No dia em que avistei Elisabete Matos na Popular do Capelo, a evolução social estava com toda a força à minha frente. Não bastava uma mulher ser diretora artística do São Carlos — a primeira de sempre — e entrar num tasco sem pedir licença: na vitrine dos doces, lá estavam eles, todos metidos em frascos, em vez de taças de alumínio. Esta não deixei passar e perguntei a que propósito uma gentrificação daquelas.
O gestor da sala pôs-me no meu lugar dizendo que os frascos em questão são mais velhos do que eu. Um dia, em passeio por um sítio do género Bombarral, passou por um barracão abandonado que lhe pareceu ser uma fábrica de dentífricos abandonada.
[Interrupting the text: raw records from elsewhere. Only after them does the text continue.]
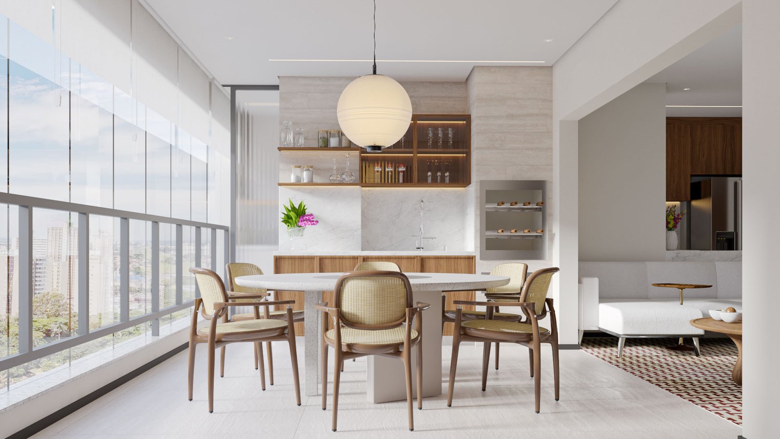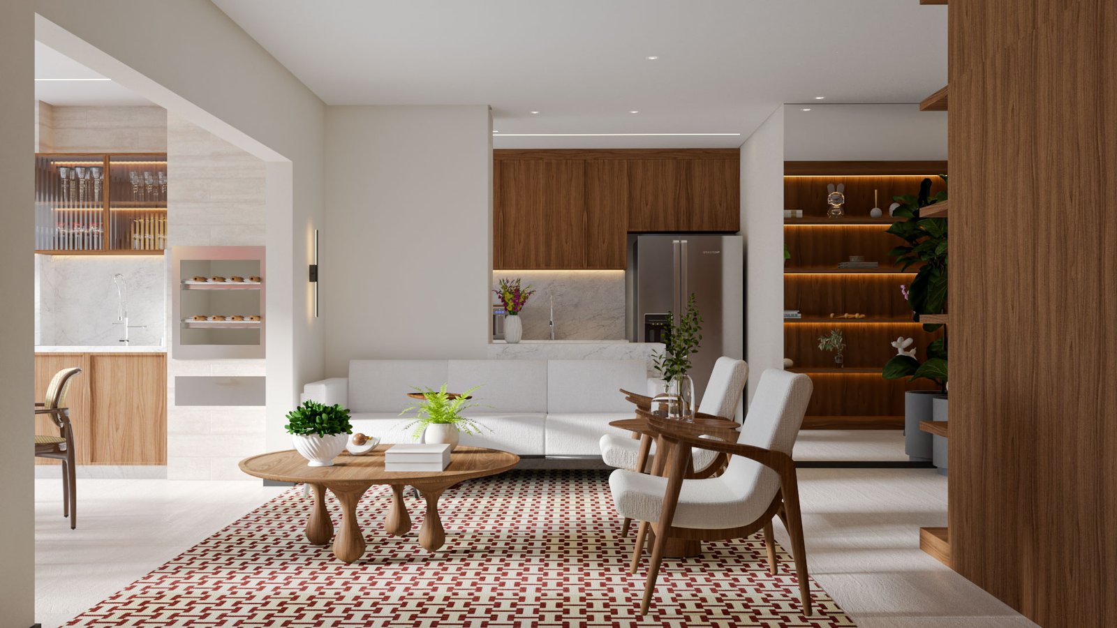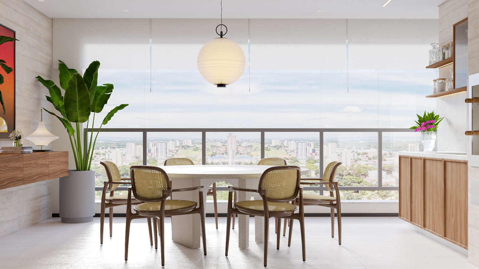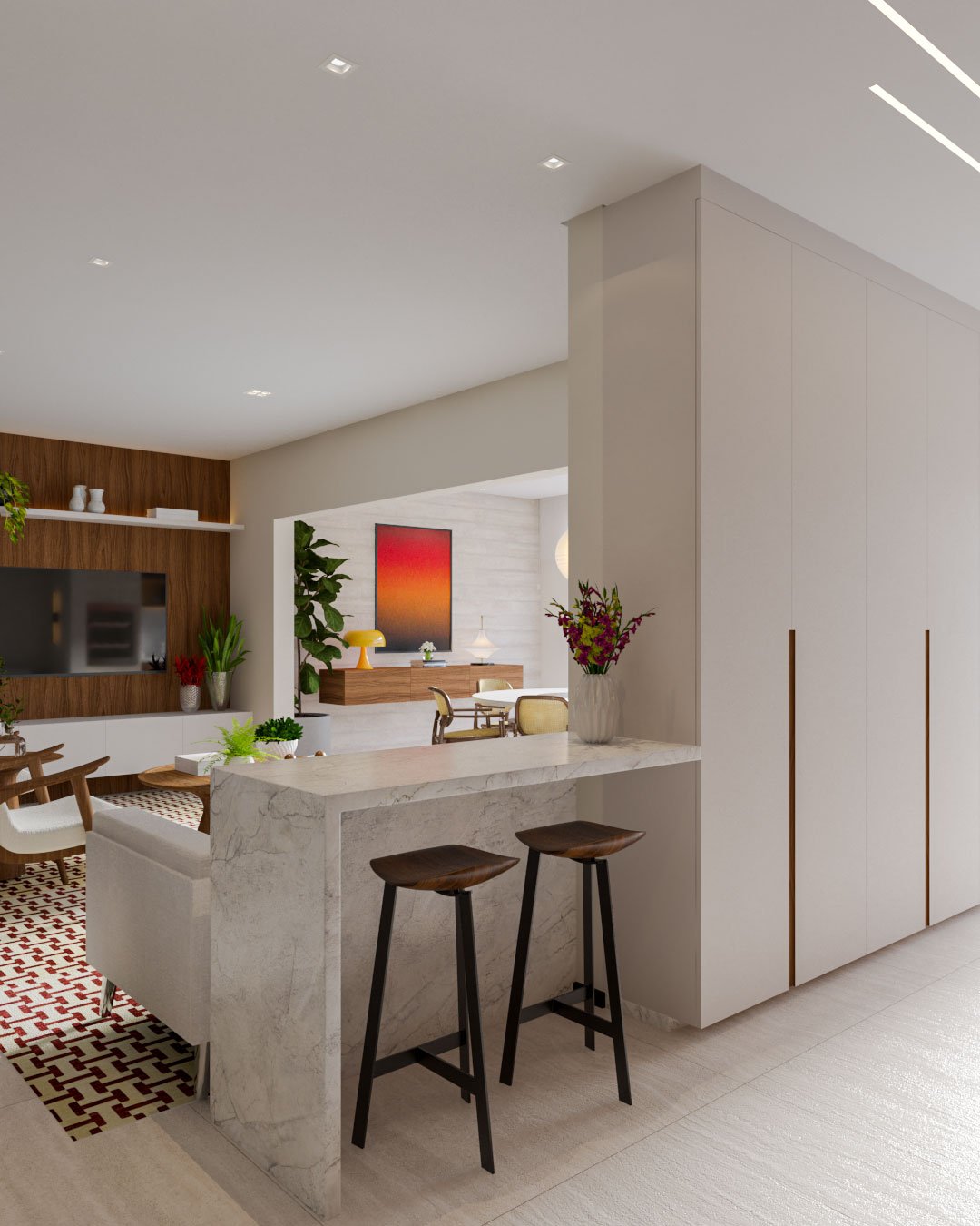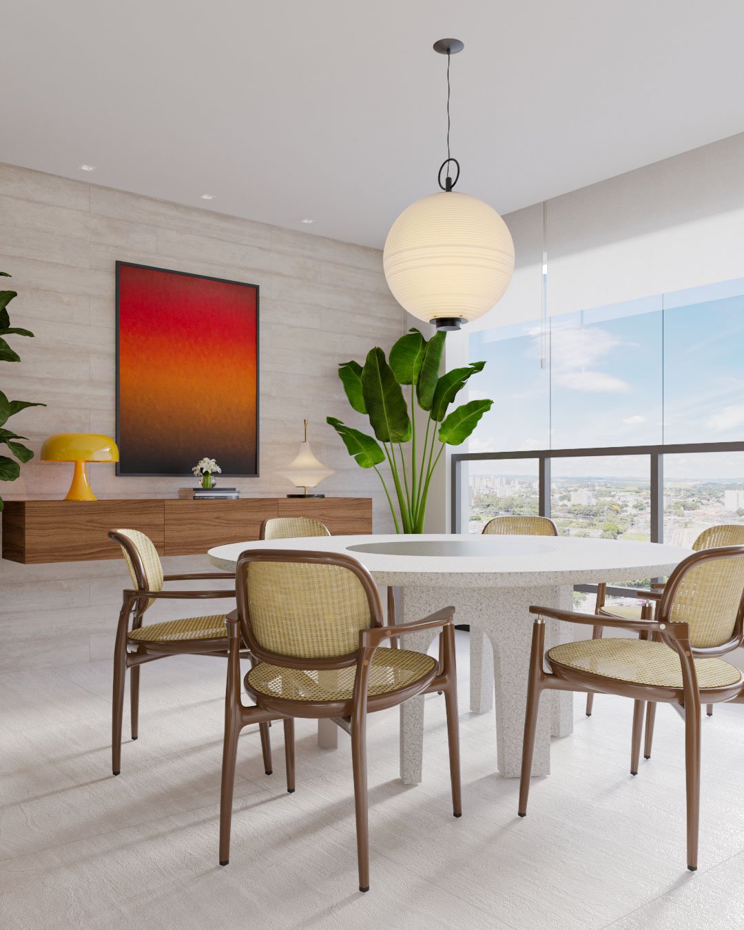 Projeto inspirado no modernismo brasileiro com toques contemporâneos, que valoriza materiais naturais, linhas limpas e uma paleta atemporal. Os ambientes unem elegância e funcionalidade: living com peças de design e personalidade, varanda gourmet intimista, cozinha em mármore e madeira, lavanderia integrada, lavabo em quartzito, quartos infantis temáticos e uma suíte master sofisticada com detalhes em pedra e iluminação aconchegante.
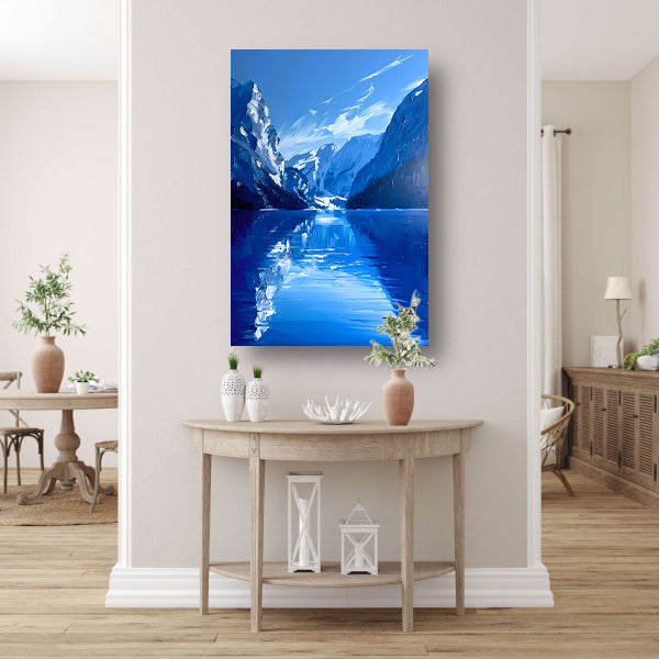 Abstract berglandschap in blauwe tinten canvas met baklijst
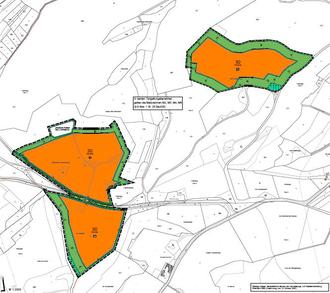 Das Plangebiet umfasst zwei Teilgeltungsbereiche. Teilgeltungsbereich 1 hat eine Größe von ca. 6,9 ha. Im Einzelnen betroffen ist voraussichtlich die Teilfläche des Grundstücks Flur 6, Flst. Nr. 207. Teilgeltungsbereich 2 hat eine Größe von ca. 12,8 ha. Im Einzelnen betroffen sind die Grundstücke Flur 2, Flst. Nr. 3/1 sowie die Teilflächen 3/4, 5/4, 6/1, 11, 12/1, 12/2, 12/3 und 17/2 der Gemarkung Homberg.
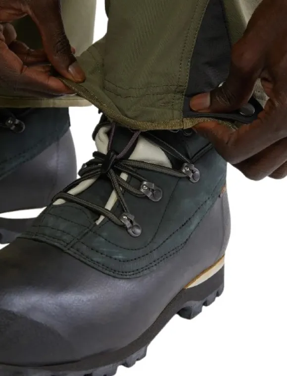 Lahkeissa on sisäpuolelta kaarevat saumat, muotoillut polvet ja vahvikkeet alareunassa, jotka voi kiinnittää kenkiin pienellä koukulla. Kaksi verkkovuorattua käsitaskua, kaksi reisitaskua. Yhdistettävissä Gaiter Kit -lisäosaan, jolloin lahkeet sulkeutuvat täysin.

Decidiu investigar e o resultado foi uma receita de duas paletes de frascos sem tampa.
As suas capacidades de investigação não me pareceram apuradas, mas não sou conhecedora do setor de pastas de dentes em frascos de vidro. E não me atrevi sequer a questionar, porque rapidamente me avisou: para o cenário improvável de alguém aparecer a reclamar o material, tinha uma pressão de ar no armazém. Concordei que estava tudo no seu lugar.
Neste Frigobar —
Popular do Capelo
Pode estar aqui um dos melhores pregos da cidade, com o luxo de poder assistir ao espetáculo da sua preparação no primeiro balcão, de pé, com o seu individual de papel, indicativo de que não demorará muito. Entre o São Carlos e o Museu do Chiado, mais uma paragem cultural.
Rua Capelo, 8, Chiado, Lisboa.
Artur Pastor — O Povo no Panteão
Falta pouco para desmancharem a exposição com fotografias de Artur Pastor no Panteão Nacional, em Lisboa. Guardam-se as imagens da arte xávega do Estado Novo, tiram-se da parede as nazarenas vestidas a rigor (algumas a pousar, parece-me), metem-se numa caixa os pastores e os retratos de agricultores. Espero que acondicionem bem a fotografia do mergulho, que é uma maravilha. Vai ser uma pena. Vão lá antes de 6 de Fevereiro.
Panteão Nacional, Campo de Santa Clara, Santa Apolónia, Lisboa
A Provinciana
Uma tasca ou uma sucursal do relógio de Greenwich em Lisboa? Não sabemos. Há dezenas de relógios na parede, todos em madeira, todos feitos pelo Américo, um homem xilófago.
Travessa do Forno, 23, Rossio, Lisboa
Tabernas de Lisboa, de Luís Pavão e Mário Pereira
Publicado pela Assírio e Alvim nos anos 1980, hoje é uma peça rara de alfarrabista sobre as tabernas lisboetas, hoje desaparecidas. As fotografias de Luís Pavão mostram a arquitetura, os gestos e os hábitos — da bisca ao trabalhador a tirar um cochilo à mesa. Os textos de Mário Pereira fazem o retrato histórico e social e trazem uma ou outra anedota.